3 de abril de 2006

Match Point: onde está Woody?

Desengane-se quem vá ver Match Point e espere encontrar o universo habitual de Woody Allen. Nada de personagens torturadas pelas suas neuroses, nada de personalidades urbano-depressivas, nada de relações familiares complexas. Neste filme, as personagens são de uma enorme linearidade, de uma enorme previsibilidade. São terrivelmente normais, diria mesmo banais. É por isso um filme profundamente materialista, céptico e amoral. Não há qualquer lugar para a transcendência, para a análise existencialista sobre o sentido da vida, para o drama de existir.
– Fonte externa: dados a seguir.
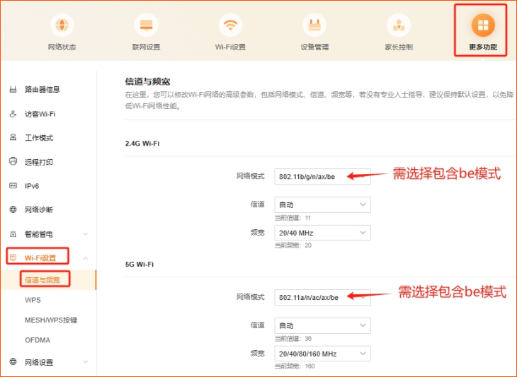 电脑端查看方法:登录路由器管理页面,打开“更多功能”—“WiFi设置”-“信道与频宽”,查看网络模式里应包含802.11be模式,路由器出厂默认包含be模式。

Aqui o que conta é ter sucesso, fruir a vida, ter filhos. E para isso vale tudo. O filme acaba também por ser uma espécie de filme-tese. Porque pretende provar que afinal tudo acontece por acaso, por pormenores fortuitos, pela sorte do momento, pela bola que bate na rede e assim permite fazer o derradeiro ponto e ganhar o jogo. E neste desafio a sorte protege sempre os mais ricos. Não havendo também aqui ponta de utopia. É um filme cru e nesta crueza reside o seu génio, sobretudo por oposição à grande parte do Allen anterior. A única ligação deste ao Allen clássico, como que uma assinatura à Hitchcock, aparece num diálogo em que, ao falar-se de um casamento de sucesso, se diz que isso se devia ao facto de ambos terem «neuroses compatíveis». Interessante conceito! Notável é também o modo como a música de ópera permite ligar todo o filme. E nela há também uma ruptura com o jazz que caracterizava o Allen anterior. E por falar em Hitchcock, o velho cineasta decerto não desdenharia assinar a parte final do filme, que antecede os assassinatos: a cena do «atirar da aliança» que se liga com a cena de abertura, o sonho do detective, o diálogo imaginário de Chris com as duas mortas... Match Point.